# Introduction

Abstraction is a key to manage software systems as they increase in size and complexity. As shown in a previous post, abstraction requires a developper to clearly define a software interface for both data and functions, and eventually hide the underlying implementation.

When using the C language, the interface is often exposed in a header '.h' file, while the implementation is put in one or more  corresponding '.c' files.

First, separating an interface from its implementation is a good way to 'self document' the code.

More importantly, while the compiler does not have to know a function definition when processing a function call, it should know the function  prototype to generate correct code. This is especially true for the return value and the parameter types. The calling convention is important too, when differing from the default one. Note that the source can still compile (eventually with warnings) when function prototypes are missing, but the generated code may not be correct.

The purpose of this post is to show that hiding implementation, while a good software engineering practice, requires the compiler to generate extra instructions, not part of the useful computation. By using function call inlining, part of the induced overhead can be avoided without damaging the software interface. This practice is especially useful for computations that are a few cycles long.

# Overhead associated with function calls

When a function is called from a different compilation units (the usual case), the compiler generates a call instruction. Be it relative, indirect or absolute, the instruction operand (the branch destination address) is resolved by the static linker when merging the  compilation units ('.o' files) together. For simplicity, we omit the case of dynamic libraries, and assume that the address is fully resolved by the static linker.
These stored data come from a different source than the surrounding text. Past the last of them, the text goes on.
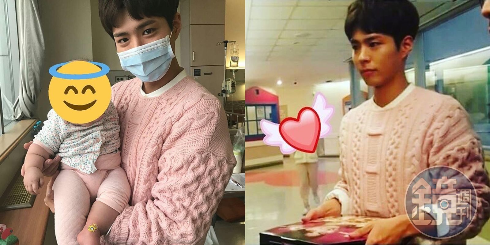 朴寶劍穿著粉紅色毛衣,親切地與醫院裡的病童聊天,除了給予擁抱與鼓勵,還一一合照,逗他們開心,不只病童得到溫暖,在場陪伴的家屬與醫護人員也被他感動,朴寶劍帶了熱騰騰的披薩送給大家,沒有架子的舉動再一次贏得好評。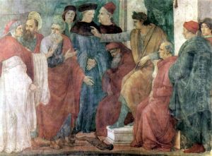 Freskenzyklus der Brancacci-Kapelle in Santa Maria del Carmine in Florenz, Szene: Hl.Petrusund Hl Paulus im Disput mit dem Magier Simon vor Nero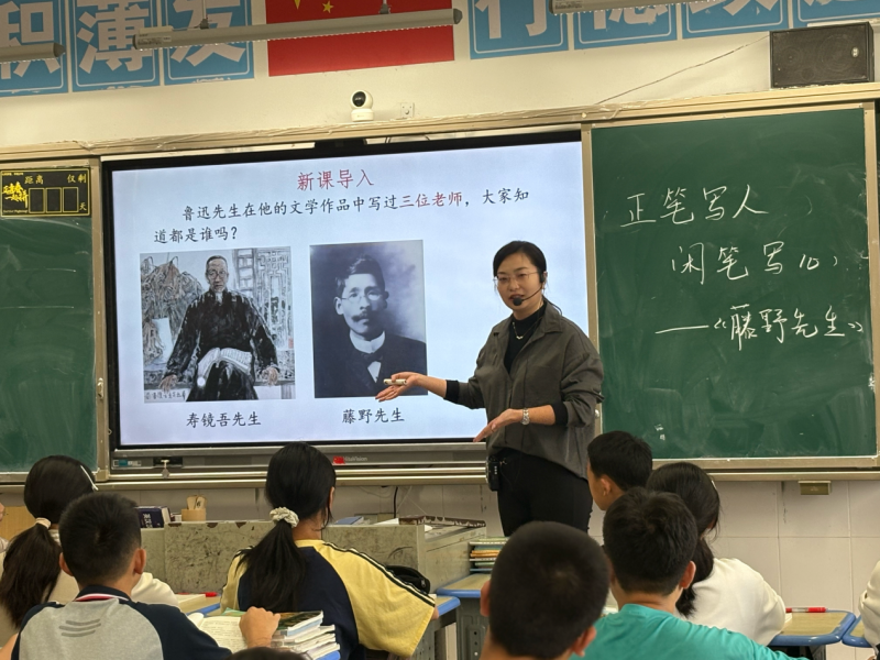 活动当天,宜宾市教科所陈明冲所长带领骨干教师们为江南初级中学带来了四堂精彩的示范课。语文课堂上,周媛老师以“最喜欢的老师”分享导入《藤野先生》的教学。周老师聚焦文本脉络与人物形象,带学生梳理“东京—仙台—北京”的地点变化及对应事件,结合历史背景解析鲁迅赴日动因,剖析藤野先生“添改讲义、纠正解剖图”等细节,提炼其“认真负责、关心学生、不拘小节、生活简朴”的形象。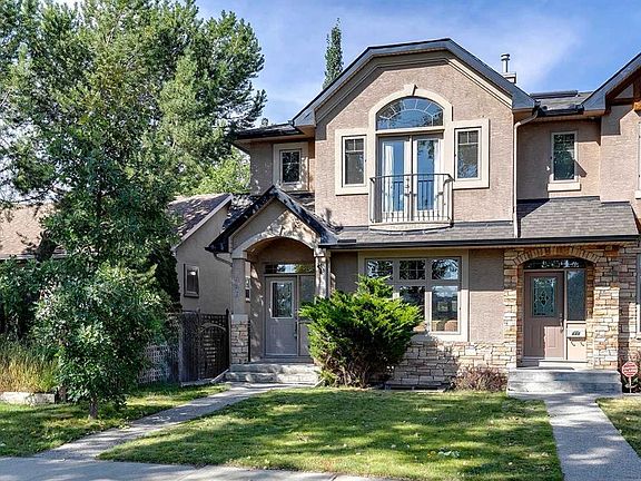 A very special location! Situated on a quiet street with downtown skyline views & facing a large, beautifully treed park with a playground area set up for children. Convenient access to Deerfoot Trail, downtown, transit, shopping & schools. Luxuriously appointed finishes inside this fully developed, two storey with over 2839 sq. ft. of professionally developed living space. Spacious foyer with double closet, combination great room/dining room, with 9’ ceilings & rich solid wood floors. Very open kitchen with extended height cabinetry, a huge island with breakfast bar & a pantry. Cozy family room with gas fireplace, a full wall of built-ins & French door access to a back deck. There is a powder room tucked away 2 steps down from the main floor. Upstairs features 3 large bedrooms including a king size master with walk-in closet & a luxurious 5pc ensuite. There is a 4pc bath conveniently located next to the spacious laundry room on the 2nd floor. The lower level is fully finished & includes a cozy rec room with a built-in bar area, a huge office space & a full bath. The yard is a good size & includes a double detached garage & deck with gas hookup for a BBQ.

The called function finally returns the calling site using a branching or a specialized return instruction.

Depending on its internally maintained state  (registers currently in used, calling convention ...) and configuration (optimization level ...), the compiler  generates extra instructions to save and restore context, and to pass arguments. This is applicable to both the caller and the called  function. In the called function, context saving and restoring are known as prolog and epilog, respectively.

All these added instructions are not part of the useful computation and are considered as overhead. This is pictured by the following diagram:

For a developper looking for performance, this overhead may not be acceptable, especially for functions that are only a few cycles long. One way to avoid it while keeping the software interface clean is to use function call inlining.

Generally, a compiler is said to inline a function when it substitutes the definition in place, removing the need for branching instructions and the associated context management. This is illustrated by the following diagram:

Knowing the function definition, the compiler can even perform optimizations such as constant substitution, smarter register usage ...

# Inlining mechanisms

For inlining to occur, the compiler has to know the function definition at the time of use. It means that the definition must be in the same compilation unit as the caller. For obvious reasons, copy pasting a function body across the source files is not a good practice. Thus, file inclusion is used to make the definition known to the compiler.

One way to inline a function is to define it using a preprocessor macro. You are sure the code is substituted in place by the preprocessor, with no intervention from the compiler. One problem is that macro parameters are not typed. Also, macros tend to require tricks that make them difficult to read and maintain.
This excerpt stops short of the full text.